John Mulcahy (23 November 1918 – 26 April 1962) was an Irish hurler. At club level he played with Éire Óg and was a two-time All-Ireland Championship winner with the Kilkenny senior hurling team.

Playing career

After coming to hurling prominence as a student at CBS Kilkenny, Mulcahy won back-to-back All-Ireland Minor Championships with Kilkenny in 1935 and 1936. He was promoted to the Kilkenny junior side in 1938 and in the following year he won his first senior All-Ireland medal when Kilkenny beat Cork in the "thunder and lightning" final. From 1939 onward Mulcahy was a regular on the senior team and struck up a forward partnership with Seánie O'Brien and Jim Langton.
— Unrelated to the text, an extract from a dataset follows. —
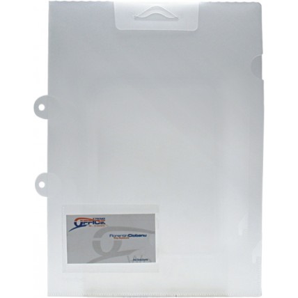 # Cu 2 perforatii pentru indosariere. # A4 transparenta, prevazuta cu buzunar pt. carti de vizita, p..

After losing back-to-back finals in 1945 and 1946, he claimed a second senior All-Ireland winners' medal after a defeat of Cork in one of the greatest finals of all in 1947. Mulcahy played in his fifth All-Ireland final in 1950, lining out at full-forward against Tipperary, but Kilkenny were beaten by a point. He retired from inter-county hurling shortly after this, by which time he had also claimed seven Leinster Championships. 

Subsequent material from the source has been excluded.